#### EXERCISE DIRECTIONS:
Below are records to print word for word; include none of their pictures.

#### EXERCISE MATERIAL:
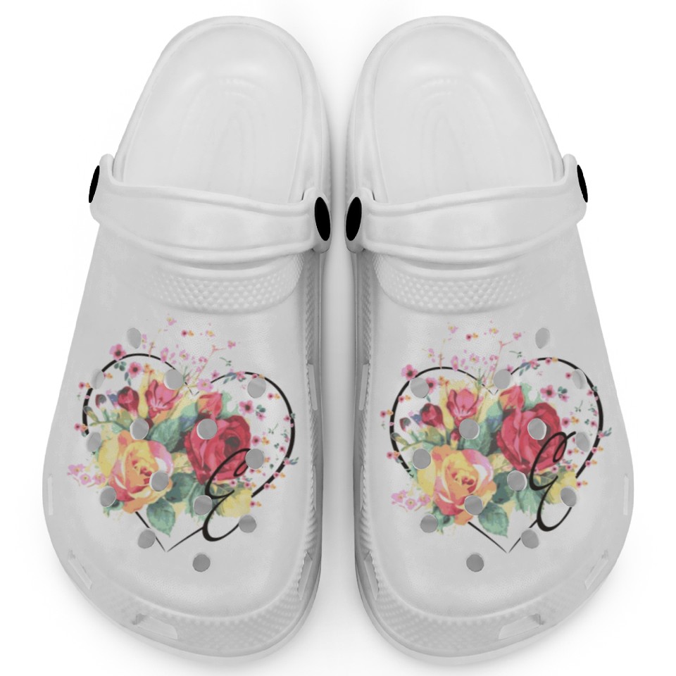 Own fascinating Letter E Monogram Floral Roses Heart Clogs or see more Clogs products now from Printblur shop to enjoy your shopping time!
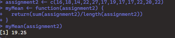 As you can see, the output of the function is correct. This function was successful because the structure of the function code was the correct syntax in R. The function had its name (myMean), a body(assignment2), and a set of arguments { return(sum(assignment2)/length(assignment2)) }.
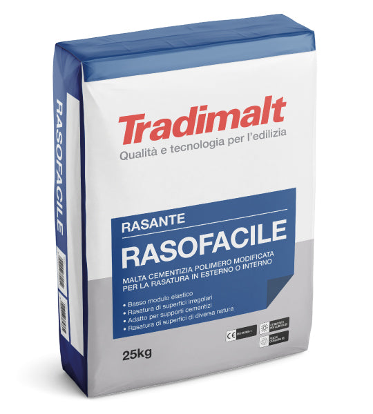 Malta cementizia polimero modificata per la rasatura di muri e pareti, in esterno o interno, adatta per supporti cementizi, indicata in genere per superfici irregolari anche se rivestite con prodotti sintetici.
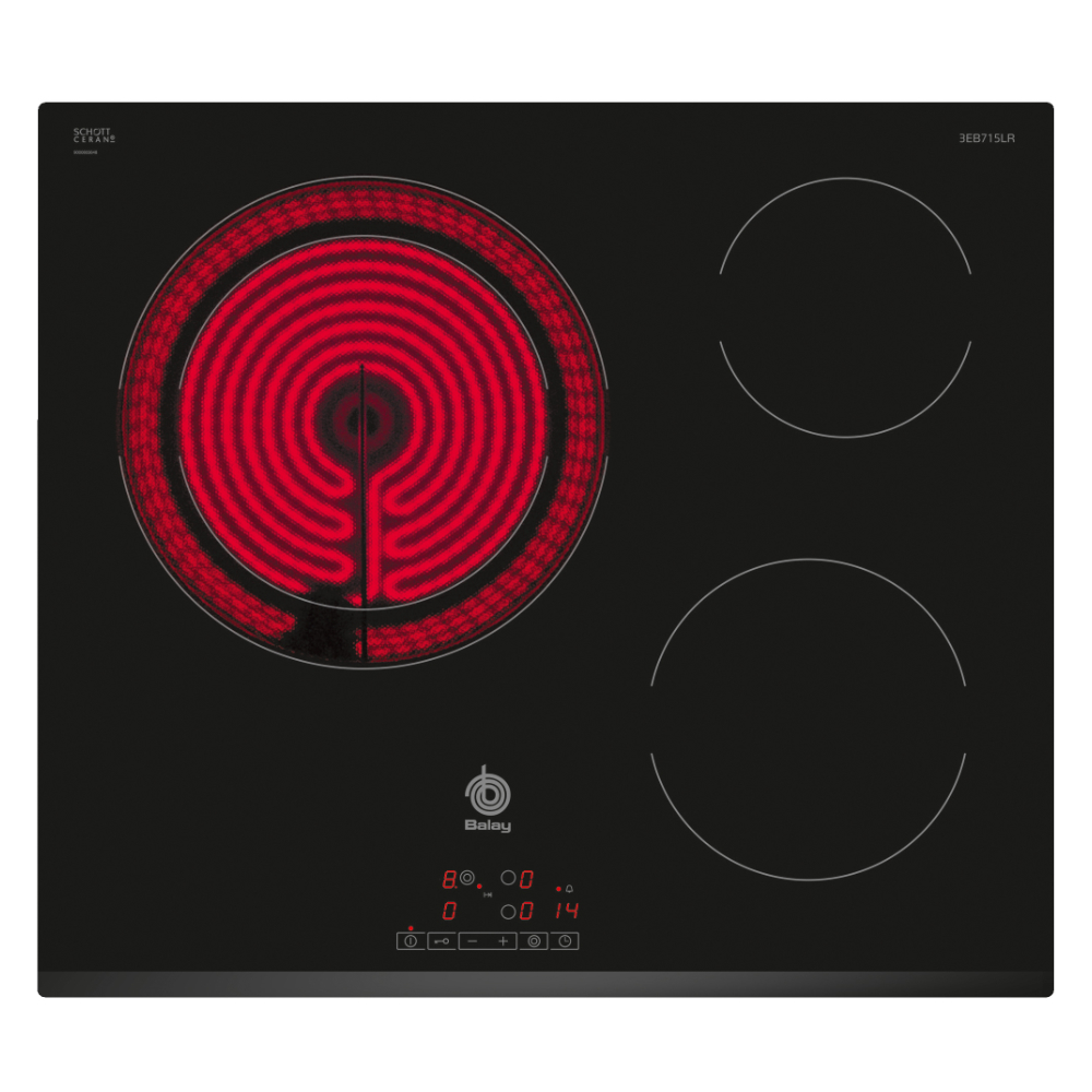 Por ejemplo, en nuestra tienda puedes encontrar la vitrocerámica Balay 3EB715LR que es un modelo integrable biselado negro con 3 zonas de cocción, incluyendo una zona gigante que tiene una medida de vitrocerámica de 28 cm. Ofrece una potencia total de 5700 W, incorpora función memoria, programador de tiempo, y sistema de seguridad por autodesconexión antiolvido.
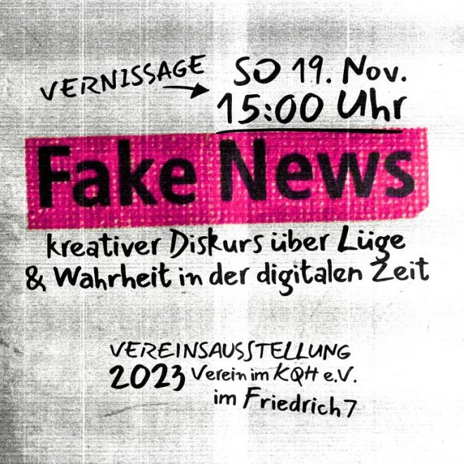 Einige unserer Künstler und Künstlerinnen haben sich zusammen geschlossen und sich über das Thema ,,Fake News“ Gedanken gemacht. Ihre gewonnenen Erkenntnisse & eingenommenen Perspektiven haben die Kunstschaffenden gestalterisch interpretiert und stellen diese nun im Friedrich7 aus.
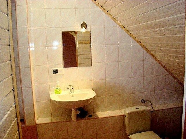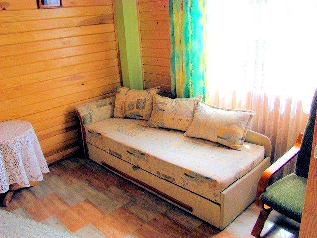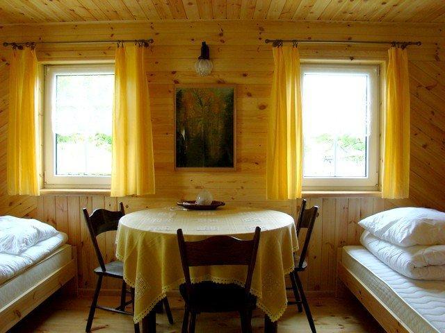 – Na piętrze: przestronna łazienka oraz pokój z dwoma łóżkami i stolikiem z krzesłami.
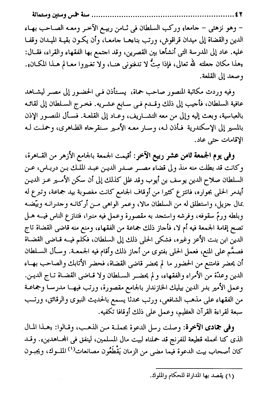 وَهُوَ نزهتي جَامع وَركب السُّلْطَان فِي ثامن ربيع الآخر وَمَعَهُ الصاحب بهاء الدّين والقضاة إِلَى ميدان قراقوش ورتب بناءها جَامعا وَأَن يكون بَقِيَّة الميدان وَقفا عَلَيْهِ. عَاد إِلَى الْمدرسَة الَّتِي أَنْشَأَهَا بَين القصرين وَقد اجْتمع بهَا الْفُقَهَاء والقراء فَقَالَ: هَذَا مَكَان جعلته لله تَعَالَى فَإِذا مت لَا تدفنوني هُنَا وَلَا تغيرُوا معالم هَذَا الْمَكَان. وَصعد إِلَى القلعة. وَفِيه وَردت مُكَاتبَة الْمَنْصُور صَاحب حماة يسْتَأْذن فِي الْحُضُور إِلَى مصر ليشاهد عَافِيَة السُّلْطَان فَأُجِيب إِلَى ذَلِك وَقدم فِي سَابِع عشريه. فَخرج السُّلْطَان إِلَى لِقَائِه بالعباسية وَبعث إِلَيْهِ وَإِلَى من مَعَه التشاريف وَعَاد إِلَى القلعة. فَسَأَلَ الْمَنْصُور الْإِذْن بِالْمَسِيرِ إِلَى الْإسْكَنْدَريَّة فَأذن لَهُ وَسَار مَعَه الْأَمِير سنقرجاه الظَّاهِرِيّ وحملت لَهُ الإقامات حَتَّى عَاد. وَفِي يَوْم الْجُمُعَة ثامن عشر ربيع الآخر: أُقِيمَت الْجُمُعَة بالجامع الْأَزْهَر من الْقَاهِرَة وَكَانَت قد بطلت مِنْهُ مُنْذُ ولي قَضَاء مصر صدر الدّين عبد الْملك بن درباس عَن السُّلْطَان صَلَاح الدّين يُوسُف بن أَيُّوب وَقد ظلّ كَذَلِك إِلَى أَن سكن الْأَمِير عز الدّين أيدمر الْحلِيّ بجواره فَانْتزع كثيرا من أوقاف الْجَامِع كَانَت مغصوبه بيد جمَاعَة وتبرع لَهُ بِمَال جزيل واستطلق لَهُ من السُّلْطَان مَالا وَعمر الواهي من أَرْكَانه وجدرانه وبيضه وبلطه ورم سقوفه وفرشه واستجد بِهِ مَقْصُورَة وَعمل فِيهِ منبرا فَتَنَازَعَ النَّاس فِيهِ هَل تصح إِقَامَة الْجُمُعَة فِيهِ أم لَا فأجار ذَلِك جمَاعَة من الْفُقَهَاء وَمنع مِنْهُ قَاضِي الْقُضَاة تَاج الدّين ابْن بنت الْأَعَز وَغَيره فشكي الْحلِيّ ذَلِك إِلَى السُّلْطَان فَكلم فِيهِ قَاضِي الْقُضَاة فصمم على الْمَنْع فَعمل الْحلِيّ بفتوى من أجَاز ذَلِك وَأقَام فِيهِ الْجُمُعَة. وَسَأَلَ السُّلْطَان أَن يحضر فَامْتنعَ من الْحُضُور مَا لم يحضر قَاضِي الْقُضَاة فَحَضَرَ الأتابك والصاحب بهاء الدّين وعدة من الْأُمَرَاء وَالْفُقَهَاء وَلم يحضر السُّلْطَان وَلَا قَاضِي الْقُضَاة تَاج الدّين. وَعمل الْأَمِير بدر الدّين بيليك الخازندار بالجامع مَقْصُورَة ورتب فِيهَا مدرسا وَجَمَاعَة من الْفُقَهَاء على مَذْهَب الشَّافِعِي ورتب مُحدثا يسمع بِالْحَدِيثِ النَّبَوِيّ وَالرَّقَائِق ورتب سَبْعَة لقِرَاءَة الْقُرْآن الْعَظِيم وَعمل على ذَلِك أوقافا تكفيه. وَفِي جُمَادَى الْآخِرَة: وصلت رسل الدعْوَة بجملة من الذَّهَب وَقَالُوا: هَذَا المَال الَّذِي كُنَّا نحمله قطيعة للفرنج قد حملناه لبيت مَال الْمُسلمين لينفق فِي الْمُجَاهدين. وَقد كَانَ أَصْحَاب بَيت الدعْوَة فِيمَا مضى من الزَّمَان يقطعون مصانعات الْمُلُوك ويجبون

#### ANSWER FOR THIS EXERCISE:
 Own fascinating Letter E Monogram Floral Roses Heart Clogs or see more Clogs products now from Printblur shop to enjoy your shopping time!
 As you can see, the output of the function is correct. This function was successful because the structure of the function code was the correct syntax in R. The function had its name (myMean), a body(assignment2), and a set of arguments { return(sum(assignment2)/length(assignment2)) }.
 Malta cementizia polimero modificata per la rasatura di muri e pareti, in esterno o interno, adatta per supporti cementizi, indicata in genere per superfici irregolari anche se rivestite con prodotti sintetici.
 Por ejemplo, en nuestra tienda puedes encontrar la vitrocerámica Balay 3EB715LR que es un modelo integrable biselado negro con 3 zonas de cocción, incluyendo una zona gigante que tiene una medida de vitrocerámica de 28 cm. Ofrece una potencia total de 5700 W, incorpora función memoria, programador de tiempo, y sistema de seguridad por autodesconexión antiolvido.
 Einige unserer Künstler und Künstlerinnen haben sich zusammen geschlossen und sich über das Thema ,,Fake News“ Gedanken gemacht. Ihre gewonnenen Erkenntnisse & eingenommenen Perspektiven haben die Kunstschaffenden gestalterisch interpretiert und stellen diese nun im Friedrich7 aus.
 – Na piętrze: przestronna łazienka oraz pokój z dwoma łóżkami i stolikiem z krzesłami.
 وَهُوَ نزهتي جَامع وَركب السُّلْطَان فِي ثامن ربيع الآخر وَمَعَهُ الصاحب بهاء الدّين والقضاة إِلَى ميدان قراقوش ورتب بناءها جَامعا وَأَن يكون بَقِيَّة الميدان وَقفا عَلَيْهِ. عَاد إِلَى الْمدرسَة الَّتِي أَنْشَأَهَا بَين القصرين وَقد اجْتمع بهَا الْفُقَهَاء والقراء فَقَالَ: هَذَا مَكَان جعلته لله تَعَالَى فَإِذا مت لَا تدفنوني هُنَا وَلَا تغيرُوا معالم هَذَا الْمَكَان. وَصعد إِلَى القلعة. وَفِيه وَردت مُكَاتبَة الْمَنْصُور صَاحب حماة يسْتَأْذن فِي الْحُضُور إِلَى مصر ليشاهد عَافِيَة السُّلْطَان فَأُجِيب إِلَى ذَلِك وَقدم فِي سَابِع عشريه. فَخرج السُّلْطَان إِلَى لِقَائِه بالعباسية وَبعث إِلَيْهِ وَإِلَى من مَعَه التشاريف وَعَاد إِلَى القلعة. فَسَأَلَ الْمَنْصُور الْإِذْن بِالْمَسِيرِ إِلَى الْإسْكَنْدَريَّة فَأذن لَهُ وَسَار مَعَه الْأَمِير سنقرجاه الظَّاهِرِيّ وحملت لَهُ الإقامات حَتَّى عَاد. وَفِي يَوْم الْجُمُعَة ثامن عشر ربيع الآخر: أُقِيمَت الْجُمُعَة بالجامع الْأَزْهَر من الْقَاهِرَة وَكَانَت قد بطلت مِنْهُ مُنْذُ ولي قَضَاء مصر صدر الدّين عبد الْملك بن درباس عَن السُّلْطَان صَلَاح الدّين يُوسُف بن أَيُّوب وَقد ظلّ كَذَلِك إِلَى أَن سكن الْأَمِير عز الدّين أيدمر الْحلِيّ بجواره فَانْتزع كثيرا من أوقاف الْجَامِع كَانَت مغصوبه بيد جمَاعَة وتبرع لَهُ بِمَال جزيل واستطلق لَهُ من السُّلْطَان مَالا وَعمر الواهي من أَرْكَانه وجدرانه وبيضه وبلطه ورم سقوفه وفرشه واستجد بِهِ مَقْصُورَة وَعمل فِيهِ منبرا فَتَنَازَعَ النَّاس فِيهِ هَل تصح إِقَامَة الْجُمُعَة فِيهِ أم لَا فأجار ذَلِك جمَاعَة من الْفُقَهَاء وَمنع مِنْهُ قَاضِي الْقُضَاة تَاج الدّين ابْن بنت الْأَعَز وَغَيره فشكي الْحلِيّ ذَلِك إِلَى السُّلْطَان فَكلم فِيهِ قَاضِي الْقُضَاة فصمم على الْمَنْع فَعمل الْحلِيّ بفتوى من أجَاز ذَلِك وَأقَام فِيهِ الْجُمُعَة. وَسَأَلَ السُّلْطَان أَن يحضر فَامْتنعَ من الْحُضُور مَا لم يحضر قَاضِي الْقُضَاة فَحَضَرَ الأتابك والصاحب بهاء الدّين وعدة من الْأُمَرَاء وَالْفُقَهَاء وَلم يحضر السُّلْطَان وَلَا قَاضِي الْقُضَاة تَاج الدّين. وَعمل الْأَمِير بدر الدّين بيليك الخازندار بالجامع مَقْصُورَة ورتب فِيهَا مدرسا وَجَمَاعَة من الْفُقَهَاء على مَذْهَب الشَّافِعِي ورتب مُحدثا يسمع بِالْحَدِيثِ النَّبَوِيّ وَالرَّقَائِق ورتب سَبْعَة لقِرَاءَة الْقُرْآن الْعَظِيم وَعمل على ذَلِك أوقافا تكفيه. وَفِي جُمَادَى الْآخِرَة: وصلت رسل الدعْوَة بجملة من الذَّهَب وَقَالُوا: هَذَا المَال الَّذِي كُنَّا نحمله قطيعة للفرنج قد حملناه لبيت مَال الْمُسلمين لينفق فِي الْمُجَاهدين. وَقد كَانَ أَصْحَاب بَيت الدعْوَة فِيمَا مضى من الزَّمَان يقطعون مصانعات الْمُلُوك ويجبون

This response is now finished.